So I’ve gotten several emails this morning asking me what I think about this article by Paul J. LeBlanc, the president of Southern New Hampshire University.


It’s a plea for accrediting agencies to take seriously competency-based, as opposed to credit-based, higher education.  Southern New Hampshire and its offshoot—the College for America—claim to be riding on “the new wave of innovation” that allows college degrees to be offered at very low prices.  This “new innovation” will often be delivered by for-profit institutions, which will have the right incentive to get you the product you want most efficiently.

The president claims that historians “will likely point to online learning as the disruptive technology platform that radically changed higher education, which had remained largely unchanged since the cathedral schools of medieval Europe — football, beer pong and food courts notwithstanding.”  Anyone who could take that claim seriously knows nearly nothing about what historians have said about higher education so far.
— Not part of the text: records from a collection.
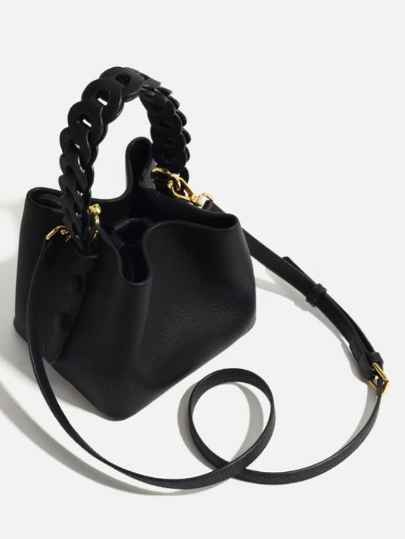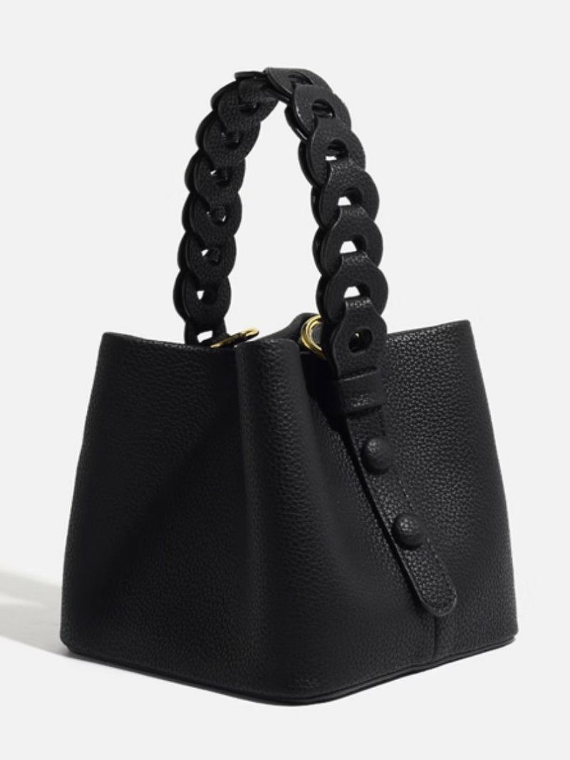 リングが並んだスカラップハンドルが可愛いリアルレザーバック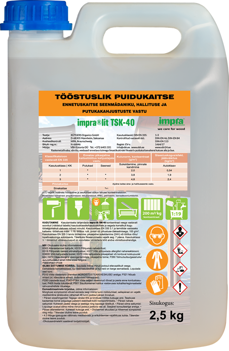 Tööstuslik puidukaitse IMPRA®LIT TSK-40: antifungi- ja termiidikaitse puiduimmutus, 2,5 kg kanister, kontsentraat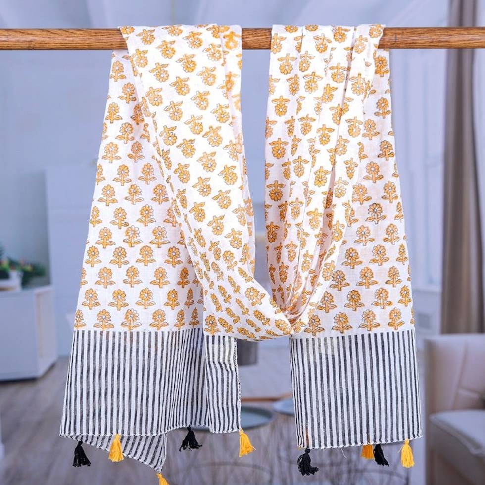 Block-Printed Cotton Scarf with Floral and Striped Motifs 'Goldenrod Meadow' Item ID: 2669925021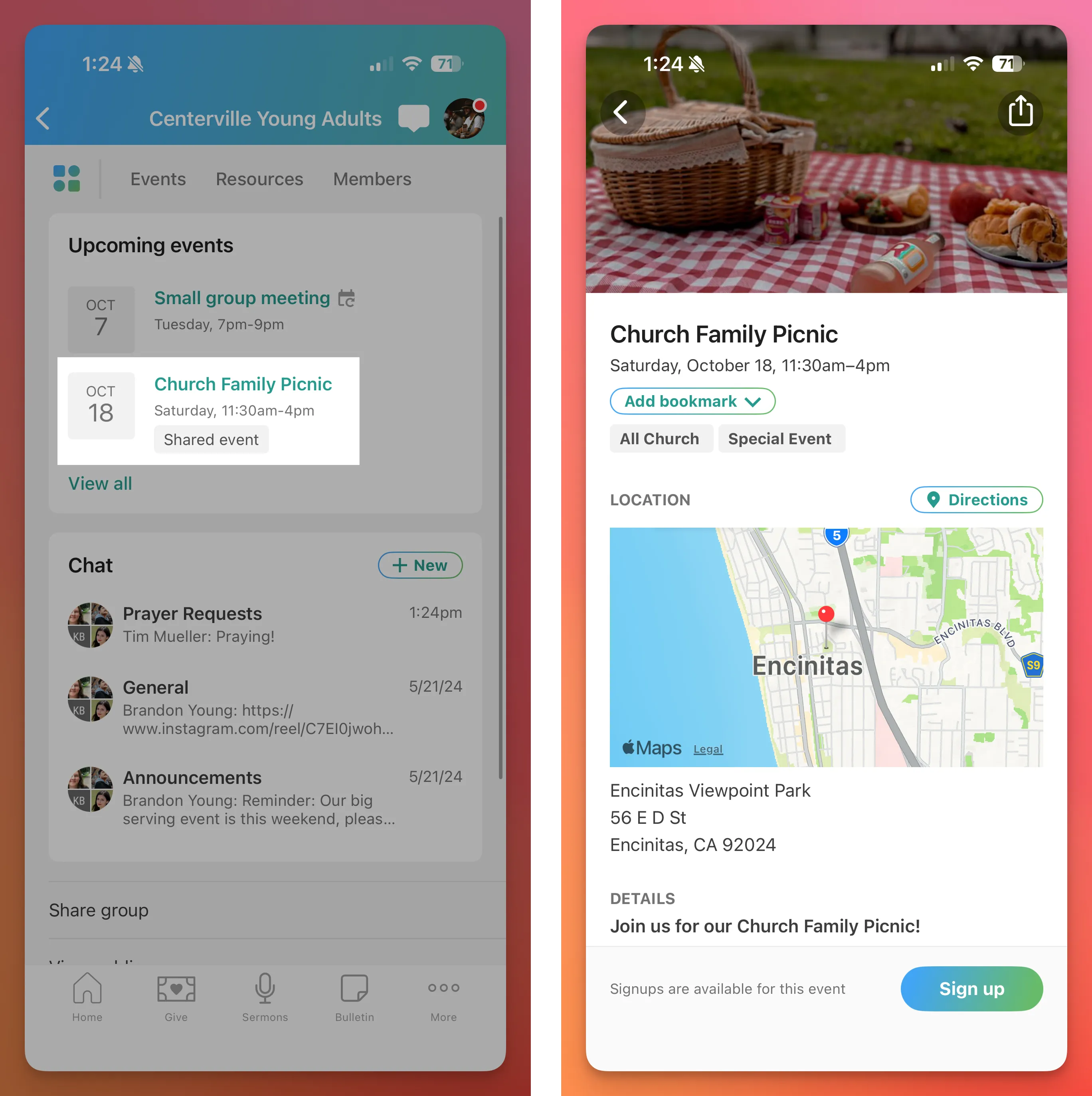 Promoted events display in Church Center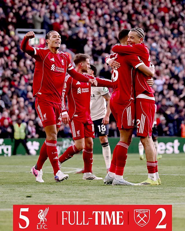 استغل ليفربول هشاشة دفاع وست هام يونايتد في الكرات الثابتة ليحقق فوزًا عريضًا بنتيجة 5-2، ضمن الجولة الثامنة والعشرين من الدوري الإنجليزي الممتاز لكرة القدم على ملعب أنفيلد. وافتتح المهاجم أوغو إيكيتيكي التسجيل مبكرًا في الدقيقة الخامسة، قبل أن يعزز القائد فيرجيل فان دايك النتيجة برأسية في الدقي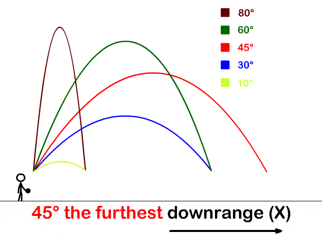 عند رمي جسم بزاوية معينة، يقطع الجسم مسارًا منحنياً بسبب الجاذبية. الصورة توضح أن زاوية 45° تمنح الجسم أقصى مدى أفقي، بينما الزوايا الأكبر أو الأصغر تقلل المسافة التي يقطعها الجسم. هذا يوضح أن اختيار زاوية الإطلاق يؤثر مباشرة على المدى، وأن الحركة المقذوفة تتأثر دائمًا بالسرعة الابتدائية والجاذبية، مما يجعل تجربة الرمي اليومية مثالًا عمليًا على الفيزياء الكلاسيكية.

It’s not history but fairly clever rhetoric.  Today’s “higher education” for a student majoring in, say, public relations or marketing or exercise science has little to nothing medieval about it.  There have been many radical changes—mostly in a techno- and secularizing direction—since those “cathedral schools.”  I doubt the president has achieved competency on what went on in those cathedral schools or what Thomas Aquinas actually taught.  What he really means is that anything “medieval” is outmoded and otherwise worthless.  There have been so many “new innovations” since those days, and we just haven’t been keeping up.

I can’t help but think:  What’s medieval isn’t the lecture as such.  After all a MOOC is mostly a bunch of lectures for the masses.  What’s medieval are the “real book” (sometimes called “great book”) and all the other leisurely pretensions of “liberal education.”  In medieval times they used to think some about education of the soul—or not just about competency for productivity.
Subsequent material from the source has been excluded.